- WORK INSTRUCTION -
Return only the lines below starting at the line containing "This black and" and ending at the line containing "예천권병원 예천군 0", both included, exactly as they are and with no pictures.

- INPUT FOR THIS TASK -
◆ ◆ ◆

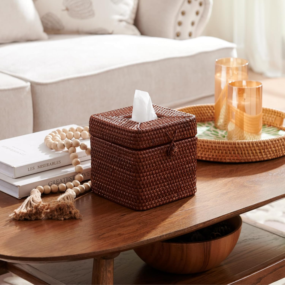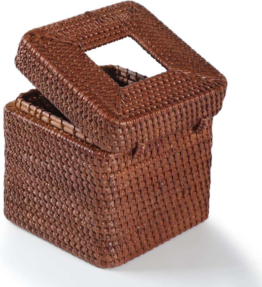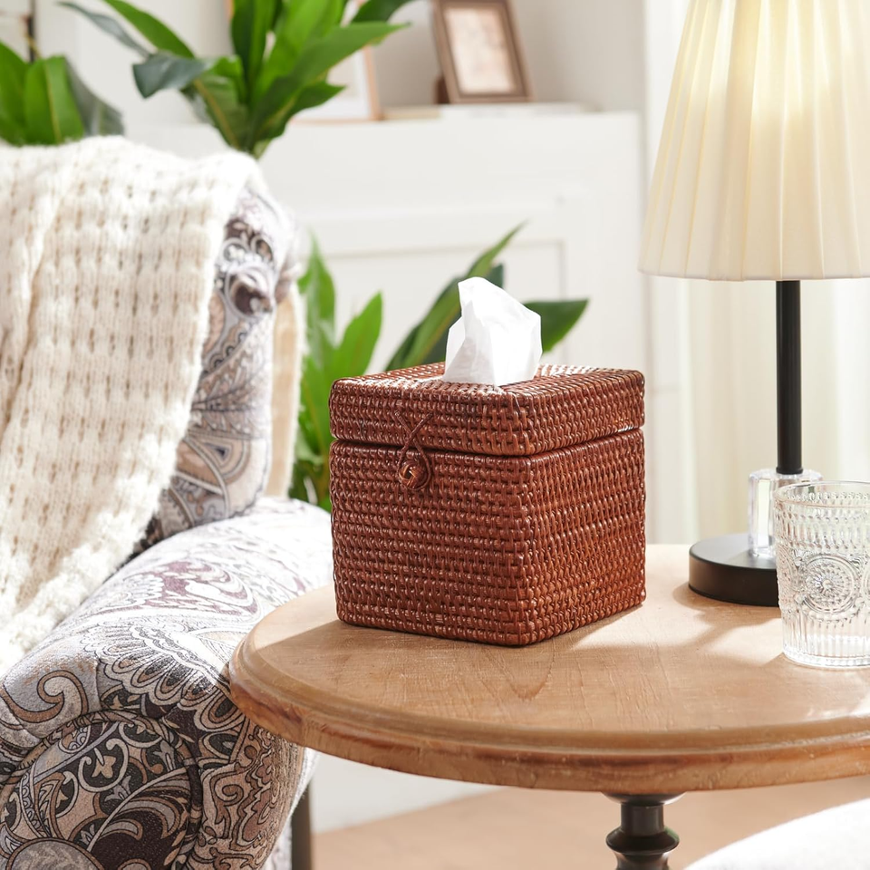 Caja de pañuelos de almacenamiento cuadrada de ratán hecha de materiales naturales, tamaño personalizable bajo petición, caja de pañuelos multifuncional.
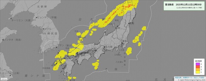 また、近畿地方の上空約5500メートルに、氷点下24度以下の寒気が流れ込むでしょう。近畿地方では、前線に向かって流れ込む暖かく湿った空気や上空の寒気の影響で、11日昼過ぎから12日明け方にかけて、大気の状態が非常に不安定となるため、局地的に雷雲が発達する見込みです。
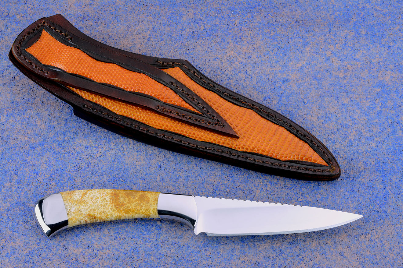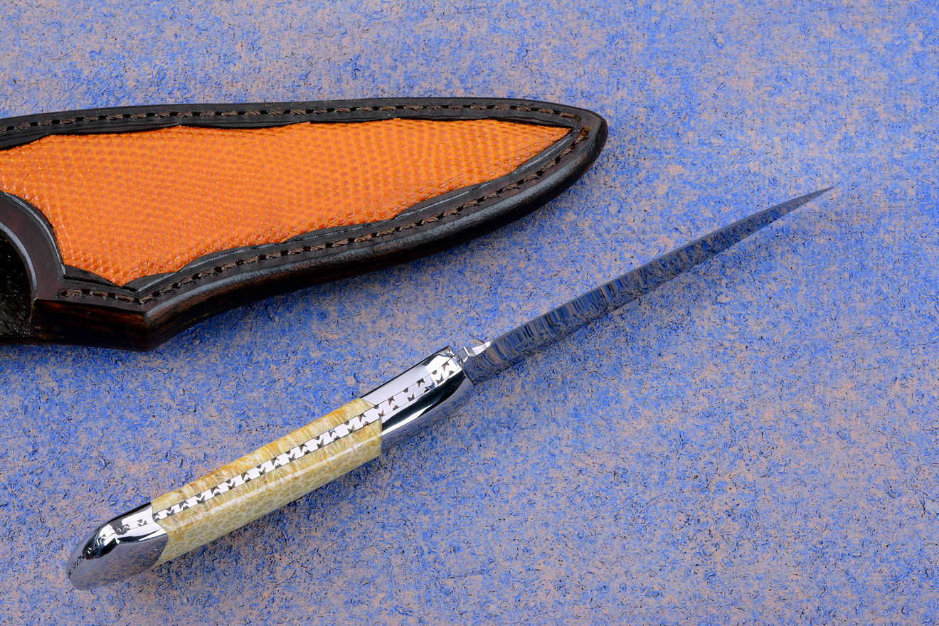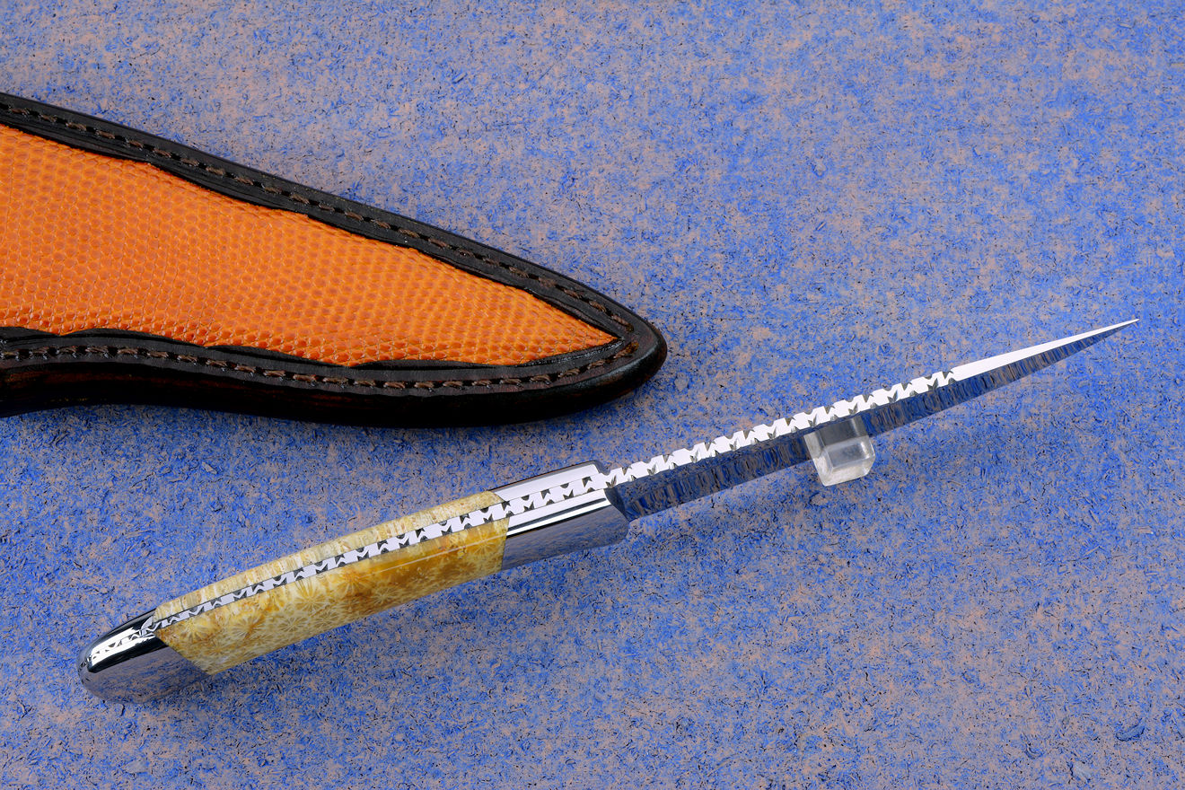 Sheath: Hand-carved Leather, inlaid with Lizard Skin
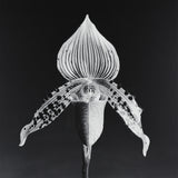 This black and white photograph features a spotted orchid in full bloom, with a stem trailing out of the bottom of the frame. The orchid's upper appendage is striped with elegant wispy lines that follow and emphasize it's tapered, spade-like shape. The flower stands unwavering in the frame, proudly on display.
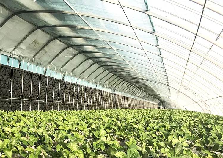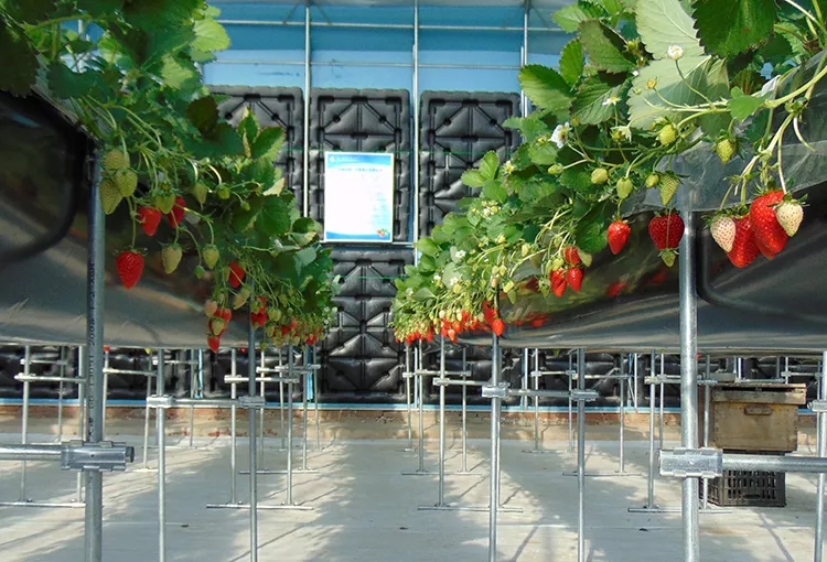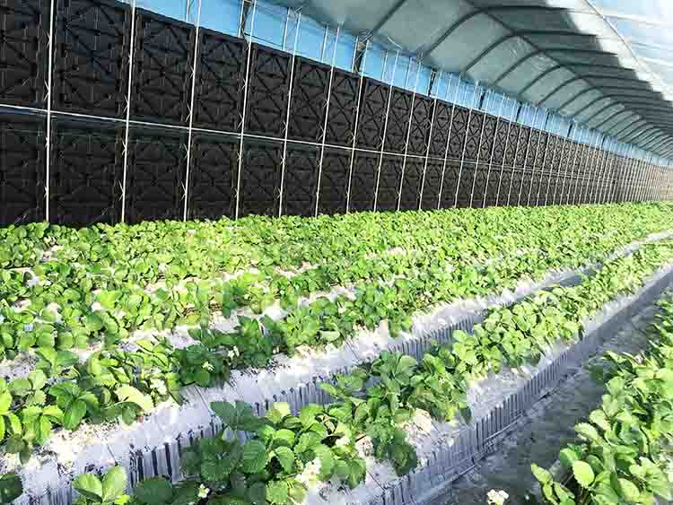 為了達(dá)到合理蓄熱的目的,日光溫室蓄熱系統(tǒng)也經(jīng)歷了土墻、磚墻墻體保溫到相變材料的不斷更新。受傳統(tǒng)日光溫室蓄熱材料粘土或磚本身的物理性質(zhì)的限制,能達(dá)到的蓄熱量有限。理論上,選用比熱容更高的水可能會收獲更多蓄熱量。粘土或磚的比熱容分別僅為水的1/3和1/4,也就是說單位質(zhì)量的水蓄熱內(nèi)外雙保溫裝配式日光溫室蓄熱體每升高或降低1℃可以吸收或放出的熱量是土墻或磚墻3~4倍。實踐證明,水蓄熱墻體的蓄熱能力顯著強于土墻或磚墻。崔世茂教授介紹說,在水蓄熱內(nèi)外雙保溫裝配式日光溫室中,水箱墻體蓄熱方面有明顯創(chuàng)新,蓄熱技術(shù)主要是利用太陽能白天照射加溫水箱,晚上通過水箱持續(xù)放熱保持溫室內(nèi)溫度可達(dá)到6 ℃以上(同期室外氣溫-30 ℃),夜間增溫效果顯著,這樣就能夠保證溫室中越冬生產(chǎn)栽培的草莓和番茄可以正常生長,產(chǎn)量高、品質(zhì)好!
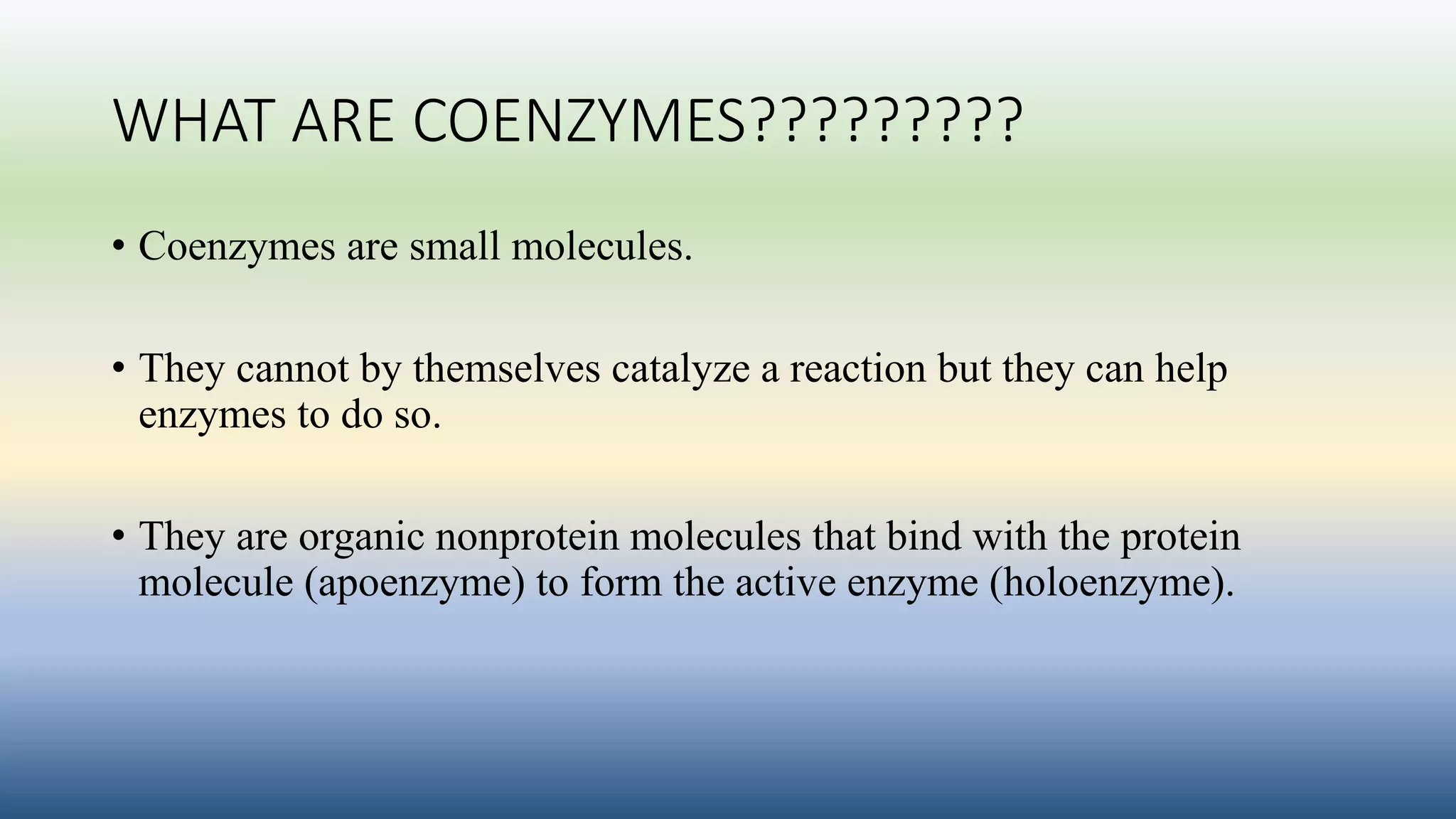This seminar presentation discusses the structure and function of coenzymes. Coenzymes are small organic molecules that bind to enzymes to help catalyze reactions. Many B vitamins act as coenzymes, facilitating the transfer of atoms between molecules during metabolism. Coenzymes bind to enzymes before other substrates and participate in redox, energy production, and transferring reactions. Deficiencies of certain coenzymes like niacin, riboflavin, pantothenic acid and vitamin B12 can cause diseases such as pellagra and megaloblastic anemia.
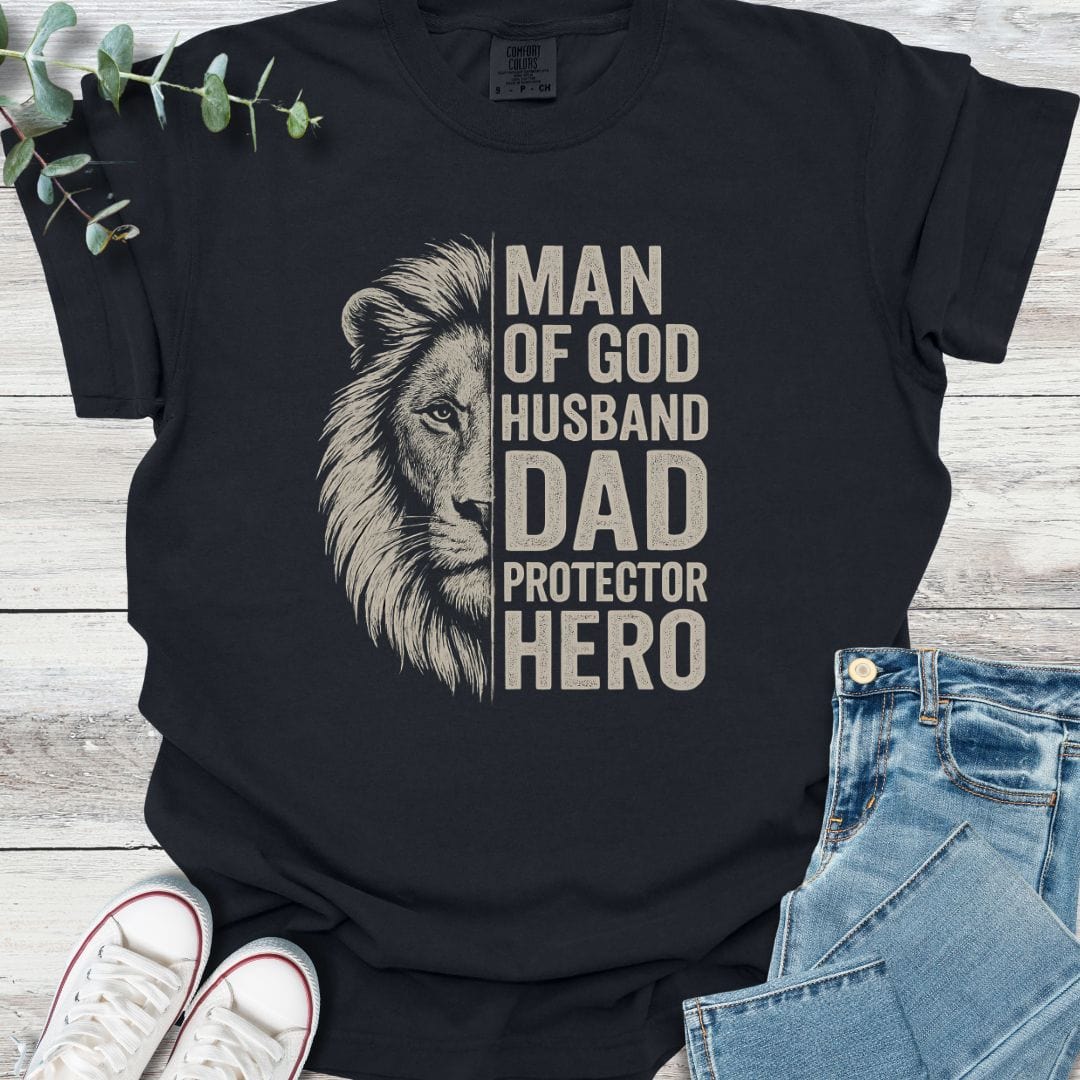 For the man who wears every title with strength—Man of God, Husband, Dad, Protector, Hero. This Comfort Colors tee is a bold Father’s Day tribute to the kind of courage that doesn't just show up—it stands firm in faith. Designed to honor the everyday heroes raising the next generation.
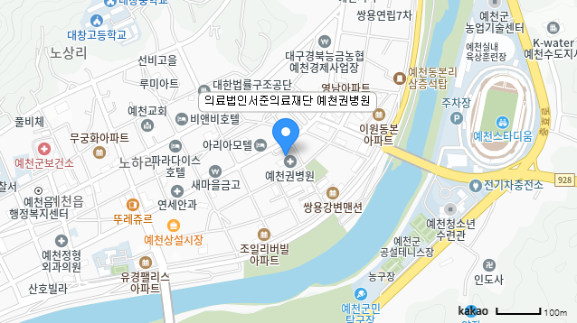 예천권병원 예천군 0 1175 2023.08.18 15:15 시설명 예천권병원 시설장 설립 학급수 소재지 경상북도 예천군 예천읍 시장로 136 연락처 054-654-6611 홈페이지 http://yckh.co.kr/ 로드뷰 길찾기 지도 크게 보기
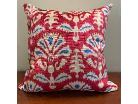 Add this red and blue patterned velvet geometric 20"x20" pillow to any room in your house.

◆ ◆ ◆

- RESPONSE TO THIS EXERCISE -
 This black and white photograph features a spotted orchid in full bloom, with a stem trailing out of the bottom of the frame. The orchid's upper appendage is striped with elegant wispy lines that follow and emphasize it's tapered, spade-like shape. The flower stands unwavering in the frame, proudly on display.
 為了達(dá)到合理蓄熱的目的,日光溫室蓄熱系統(tǒng)也經(jīng)歷了土墻、磚墻墻體保溫到相變材料的不斷更新。受傳統(tǒng)日光溫室蓄熱材料粘土或磚本身的物理性質(zhì)的限制,能達(dá)到的蓄熱量有限。理論上,選用比熱容更高的水可能會收獲更多蓄熱量。粘土或磚的比熱容分別僅為水的1/3和1/4,也就是說單位質(zhì)量的水蓄熱內(nèi)外雙保溫裝配式日光溫室蓄熱體每升高或降低1℃可以吸收或放出的熱量是土墻或磚墻3~4倍。實踐證明,水蓄熱墻體的蓄熱能力顯著強于土墻或磚墻。崔世茂教授介紹說,在水蓄熱內(nèi)外雙保溫裝配式日光溫室中,水箱墻體蓄熱方面有明顯創(chuàng)新,蓄熱技術(shù)主要是利用太陽能白天照射加溫水箱,晚上通過水箱持續(xù)放熱保持溫室內(nèi)溫度可達(dá)到6 ℃以上(同期室外氣溫-30 ℃),夜間增溫效果顯著,這樣就能夠保證溫室中越冬生產(chǎn)栽培的草莓和番茄可以正常生長,產(chǎn)量高、品質(zhì)好!
This seminar presentation discusses the structure and function of coenzymes. Coenzymes are small organic molecules that bind to enzymes to help catalyze reactions. Many B vitamins act as coenzymes, facilitating the transfer of atoms between molecules during metabolism. Coenzymes bind to enzymes before other substrates and participate in redox, energy production, and transferring reactions. Deficiencies of certain coenzymes like niacin, riboflavin, pantothenic acid and vitamin B12 can cause diseases such as pellagra and megaloblastic anemia.
 For the man who wears every title with strength—Man of God, Husband, Dad, Protector, Hero. This Comfort Colors tee is a bold Father’s Day tribute to the kind of courage that doesn't just show up—it stands firm in faith. Designed to honor the everyday heroes raising the next generation.
 예천권병원 예천군 0 1175 2023.08.18 15:15 시설명 예천권병원 시설장 설립 학급수 소재지 경상북도 예천군 예천읍 시장로 136 연락처 054-654-6611 홈페이지 http://yckh.co.kr/ 로드뷰 길찾기 지도 크게 보기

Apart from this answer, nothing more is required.